Key research themes
1. How does pluralism inform the conceptualization of music and its semiotic interpretation in scientific inquiry?
This research area investigates the diverse and sometimes conflicting conceptions of music arising from multiple scientific disciplines. It emphasizes pluralism as a framework that acknowledges complementary and antagonistic definitions of music, suggesting that no single definition is universally applicable. Within musical semiology, this plurality impacts how music is studied, modeled, and interpreted across contexts, highlighting the need to integrate distinct semiotic approaches tied to diverse research agendas.
2. What are the roles of structure, context, and listener interaction in the generation of musical meaning within semiotic frameworks?
This theme explores the interaction between musical structures (such as melody, harmony, and notation), the cultural and historical contexts of music, and the active interpretative role of listeners or performers in meaning-making processes.
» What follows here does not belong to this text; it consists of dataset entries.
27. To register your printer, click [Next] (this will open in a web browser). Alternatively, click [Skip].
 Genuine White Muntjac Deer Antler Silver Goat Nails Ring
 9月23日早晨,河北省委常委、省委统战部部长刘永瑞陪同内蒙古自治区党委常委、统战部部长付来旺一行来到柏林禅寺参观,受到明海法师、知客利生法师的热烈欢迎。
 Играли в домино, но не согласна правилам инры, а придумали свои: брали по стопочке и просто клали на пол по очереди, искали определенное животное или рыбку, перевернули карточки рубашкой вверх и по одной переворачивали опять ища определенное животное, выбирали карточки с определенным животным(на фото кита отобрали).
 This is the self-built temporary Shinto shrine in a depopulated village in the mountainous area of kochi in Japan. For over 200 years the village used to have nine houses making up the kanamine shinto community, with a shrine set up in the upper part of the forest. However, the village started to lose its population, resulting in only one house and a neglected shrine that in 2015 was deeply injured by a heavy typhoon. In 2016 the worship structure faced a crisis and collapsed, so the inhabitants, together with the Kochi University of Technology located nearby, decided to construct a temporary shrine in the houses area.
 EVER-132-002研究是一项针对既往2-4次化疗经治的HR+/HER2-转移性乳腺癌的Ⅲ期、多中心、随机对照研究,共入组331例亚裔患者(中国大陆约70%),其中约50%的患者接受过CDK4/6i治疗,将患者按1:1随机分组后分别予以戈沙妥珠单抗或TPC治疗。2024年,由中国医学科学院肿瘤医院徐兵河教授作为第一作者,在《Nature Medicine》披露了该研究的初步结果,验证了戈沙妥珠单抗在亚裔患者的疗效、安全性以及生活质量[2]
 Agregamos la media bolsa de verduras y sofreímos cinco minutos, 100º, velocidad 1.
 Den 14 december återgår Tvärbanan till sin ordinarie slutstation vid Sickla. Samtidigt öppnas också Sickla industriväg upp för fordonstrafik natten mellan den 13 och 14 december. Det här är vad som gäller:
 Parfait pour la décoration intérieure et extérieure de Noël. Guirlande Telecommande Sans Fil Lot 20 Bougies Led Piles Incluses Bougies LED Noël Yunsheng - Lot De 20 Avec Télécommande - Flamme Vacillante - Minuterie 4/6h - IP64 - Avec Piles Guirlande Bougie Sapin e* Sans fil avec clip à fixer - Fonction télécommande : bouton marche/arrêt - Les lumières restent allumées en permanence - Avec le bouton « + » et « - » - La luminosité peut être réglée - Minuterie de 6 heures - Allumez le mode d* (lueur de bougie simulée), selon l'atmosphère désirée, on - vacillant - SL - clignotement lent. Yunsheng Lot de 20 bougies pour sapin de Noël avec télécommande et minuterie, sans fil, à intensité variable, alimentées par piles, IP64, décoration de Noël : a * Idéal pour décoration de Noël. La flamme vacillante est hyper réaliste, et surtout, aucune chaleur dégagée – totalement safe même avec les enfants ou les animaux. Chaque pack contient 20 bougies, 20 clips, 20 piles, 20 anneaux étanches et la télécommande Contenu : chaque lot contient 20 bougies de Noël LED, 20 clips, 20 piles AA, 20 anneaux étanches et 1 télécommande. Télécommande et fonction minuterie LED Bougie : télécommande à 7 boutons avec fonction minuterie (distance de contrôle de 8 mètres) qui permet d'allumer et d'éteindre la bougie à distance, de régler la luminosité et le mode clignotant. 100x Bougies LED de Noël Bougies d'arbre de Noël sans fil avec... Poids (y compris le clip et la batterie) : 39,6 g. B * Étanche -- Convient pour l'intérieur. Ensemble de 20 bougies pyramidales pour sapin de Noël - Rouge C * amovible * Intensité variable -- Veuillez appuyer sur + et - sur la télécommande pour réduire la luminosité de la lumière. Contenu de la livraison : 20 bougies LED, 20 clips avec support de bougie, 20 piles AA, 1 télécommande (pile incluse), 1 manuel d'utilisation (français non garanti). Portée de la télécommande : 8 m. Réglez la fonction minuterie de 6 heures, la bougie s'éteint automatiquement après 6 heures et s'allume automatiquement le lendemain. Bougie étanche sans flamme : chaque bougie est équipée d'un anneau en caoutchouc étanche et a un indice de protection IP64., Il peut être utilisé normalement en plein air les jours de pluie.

It challenges structuralist views that locate meaning solely within musical objects, emphasizing instead the dynamic, relational, and subjective dimensions of musical semiosis that arise through listener engagement, cognitive framing, and socio-cultural factors.
3. How do philosophical and interdisciplinary approaches advance the understanding of music semiotics and its cognitive, cultural, and ethical dimensions?
This research theme investigates how philosophical frameworks, cognitive science findings, historical perspectives, and interdisciplinary methods contribute to the theory and practice of musical semiology. It includes examining music’s ethical implications, its evolutionary and human-specific cognitive adaptations, semiotic relations beyond language, and reflexivity in semiotic and analytical frameworks. Such diverse approaches enrich the interpretative and theoretical scope of musical semiotics.